Here’s an interesting question: How can I trust you, to trust me? What do I need in order to feel comfortable both driving and navigating on this patient-physician road trip? It’s a huge responsibility, after all. I was honest about how well I know the geography and what I think we can expect on the way. I have made a commitment to be your travel partner, whatever the road and weather conditions.
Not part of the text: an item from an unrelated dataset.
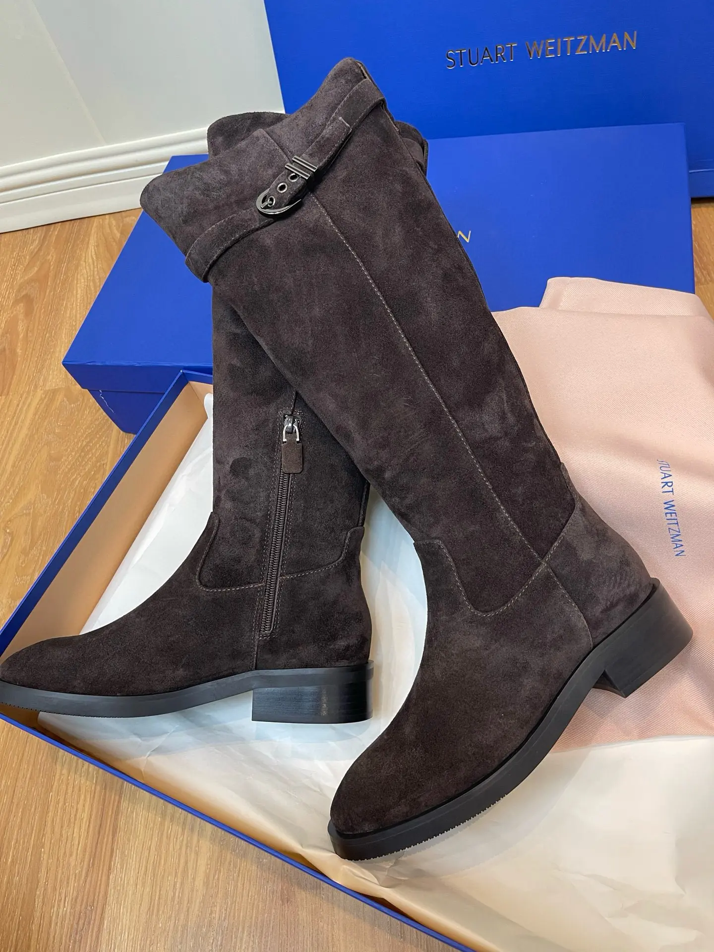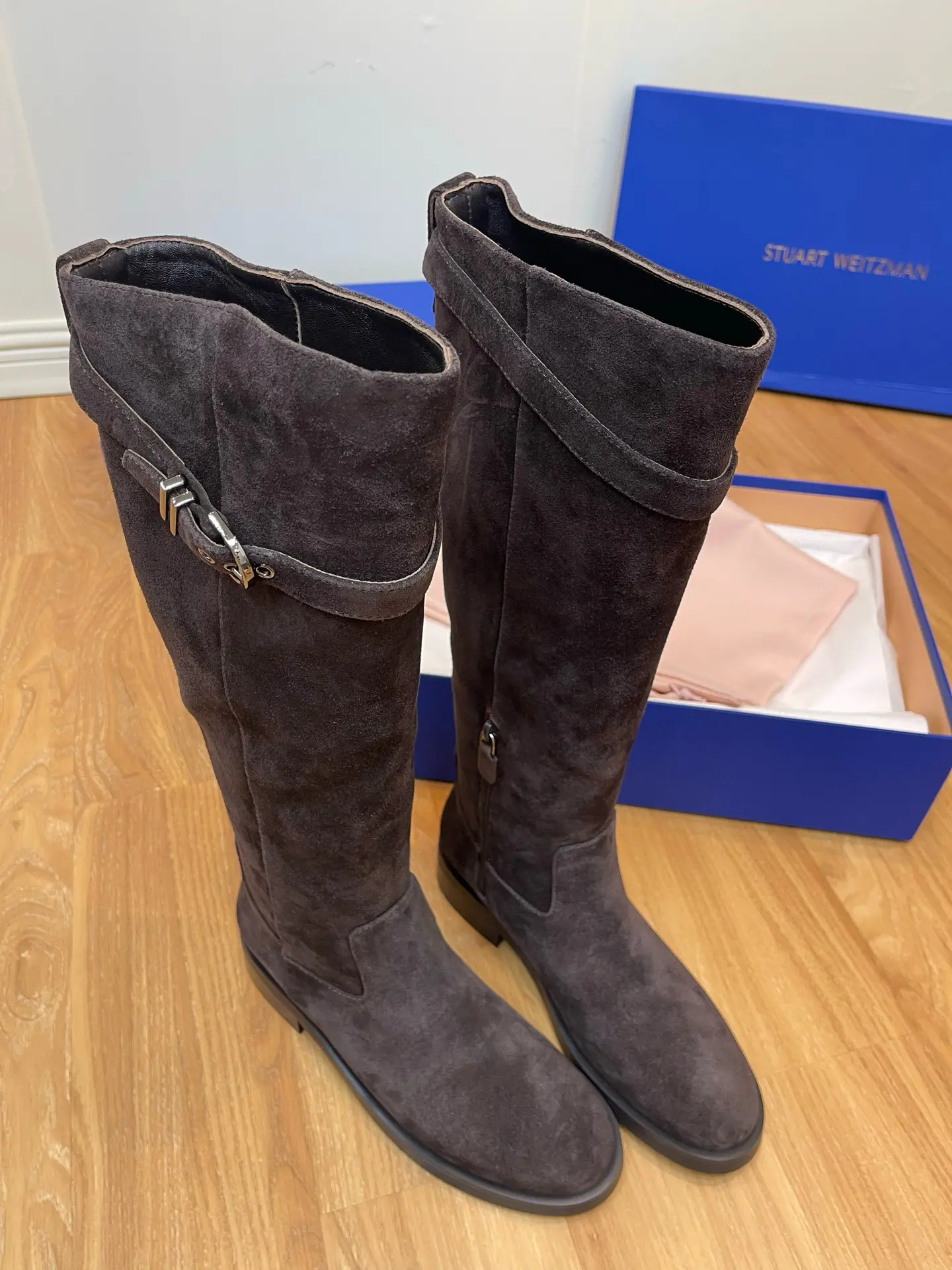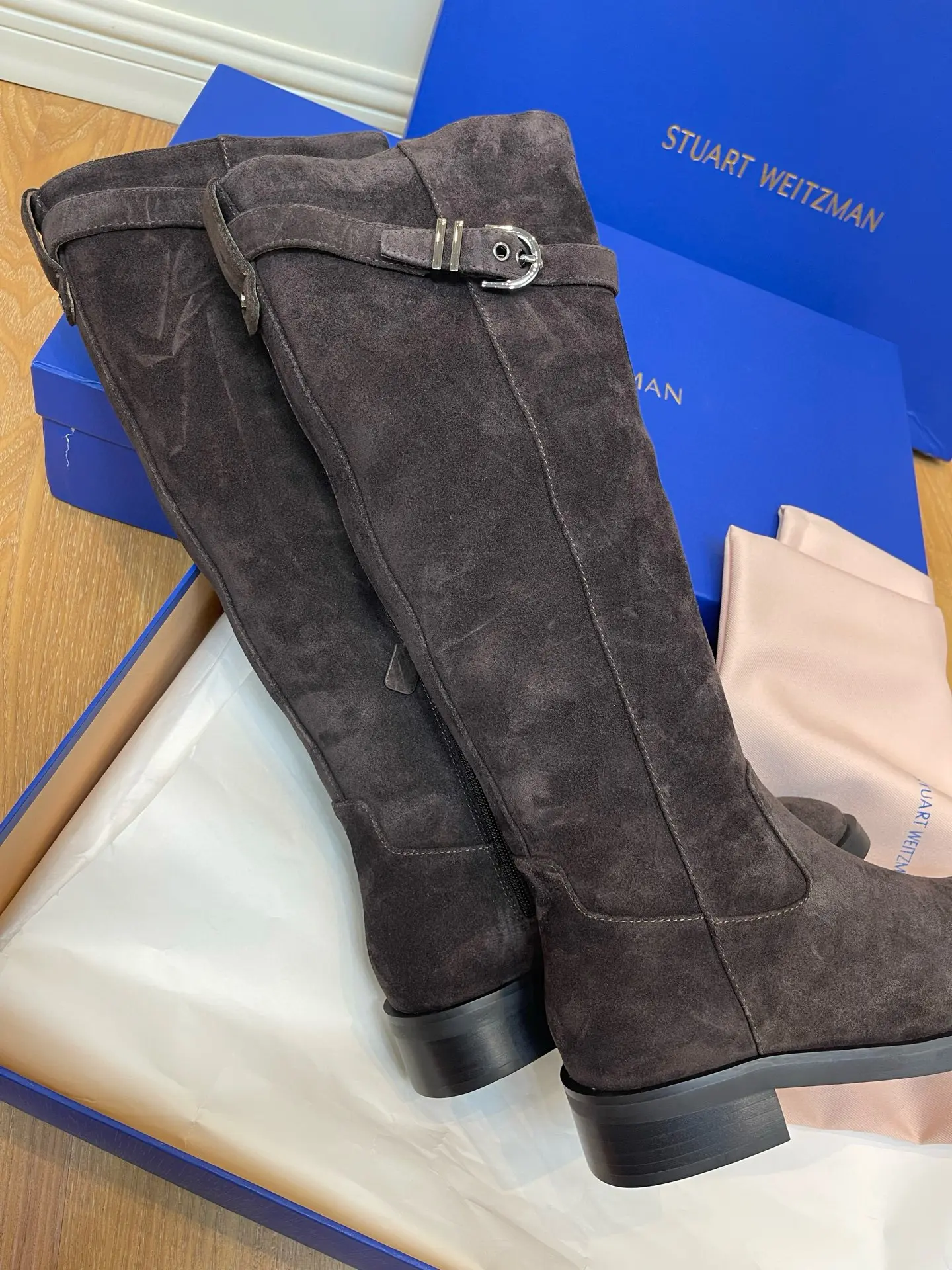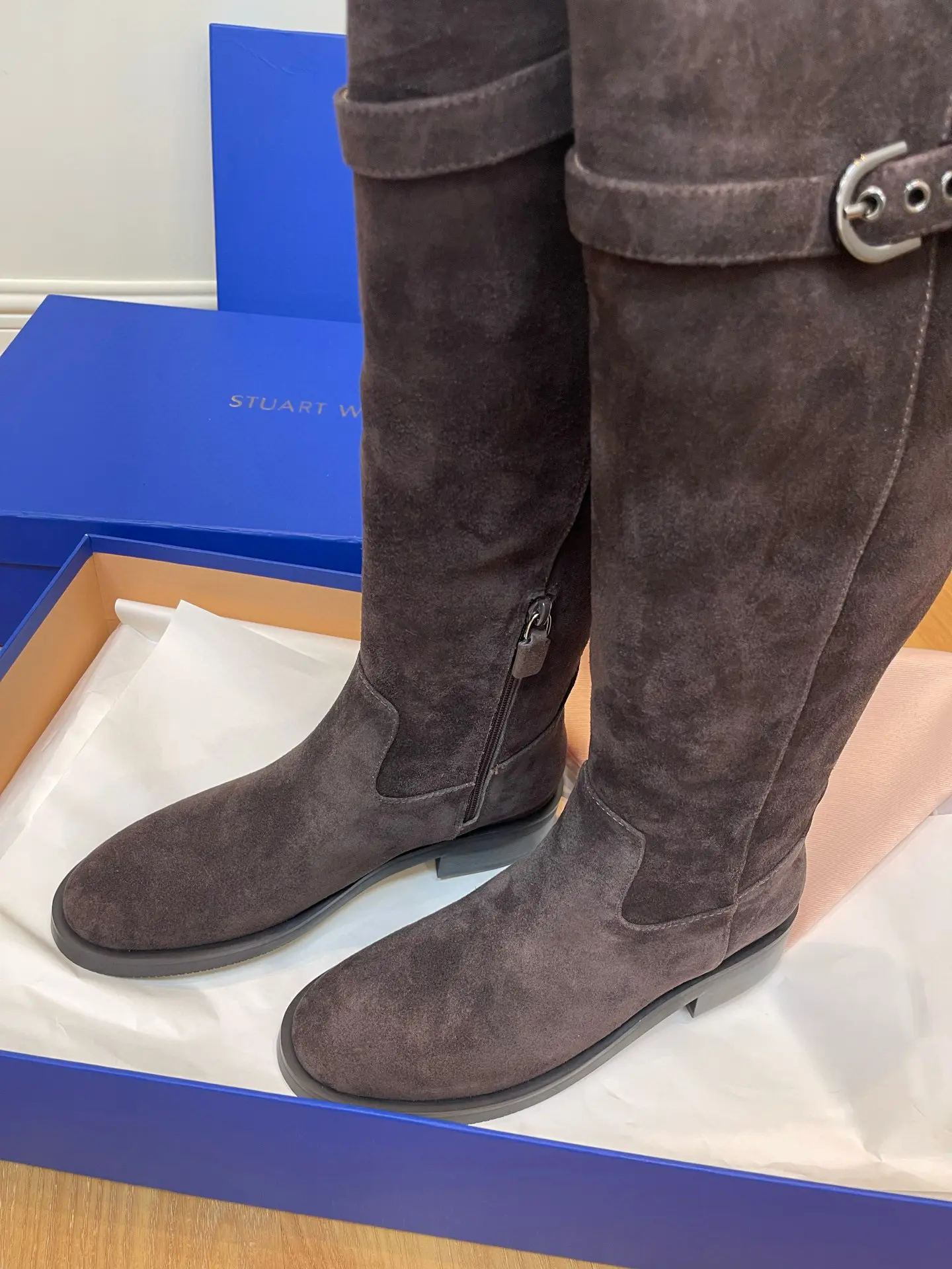 SW Maverick Knee-High Boot… These boots are incredibly flattering for the legs… slightly straight-legged, not tight around the calves, so they elongate the leg line! All leather is original factory stock… the fineness of the suede and the sheen of the leather look incredibly high-end… perfect for autumn/winter… and great value!
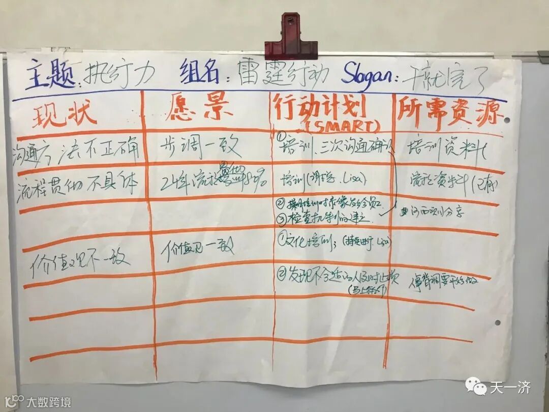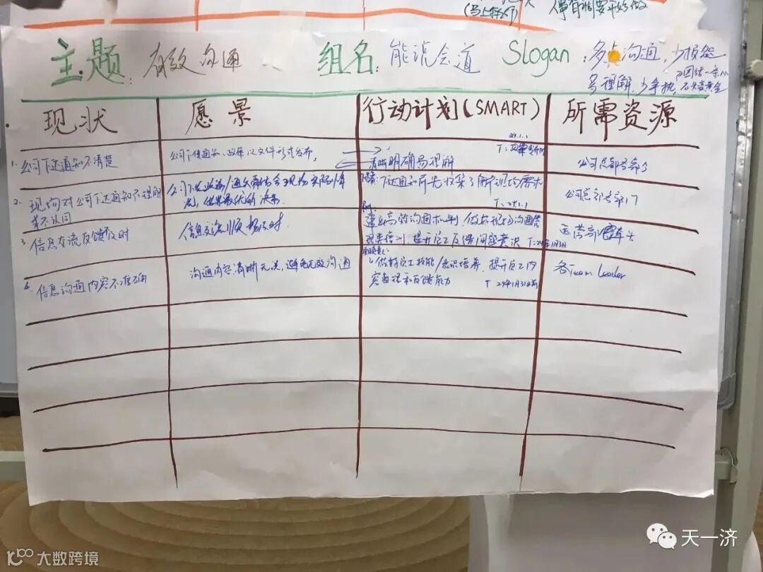 四、三组队员一共提出15个“高绩效组织特质”,经过大家头脑风暴后最终提炼出5个特质,然后再经过每人对每个特质进行四色标签投票,最终形成了3个最重要的需要解决的问题方向,即执行力、有效沟通、互相关爱。最终针对此三个方向由三组队员分别展开激烈的讨论,形成了《行动方案》。。。。。。

I need to know that you have relinquished the wheel and the GPS in an informed way, and that you will stay in the front of the bus to point out hazards and road signs. I need to know that you will not automatically blame me, or leave me, when we run over a nail and get a flat tire, or hit a deer that suddenly lopes across the road. We each need to take responsibility for our own part in getting to our destination.

Anna’s tumor was benign, and now she’s missing two-thirds of her pancreas. I imagine sometimes she wishes she had asked more questions, or decided to wait a little longer. But I think she does not regret her decision to trust the doctors. Her medical team is still intact and monitoring her appropriately. They may take turns again driving and navigating on her journey.

Trust is the cornerstone of any meaningful relationship. The patient-physician relationship is no exception. It takes time and presence to cultivate. These are big investments, and if we are willing to make them, the returns can literally save us.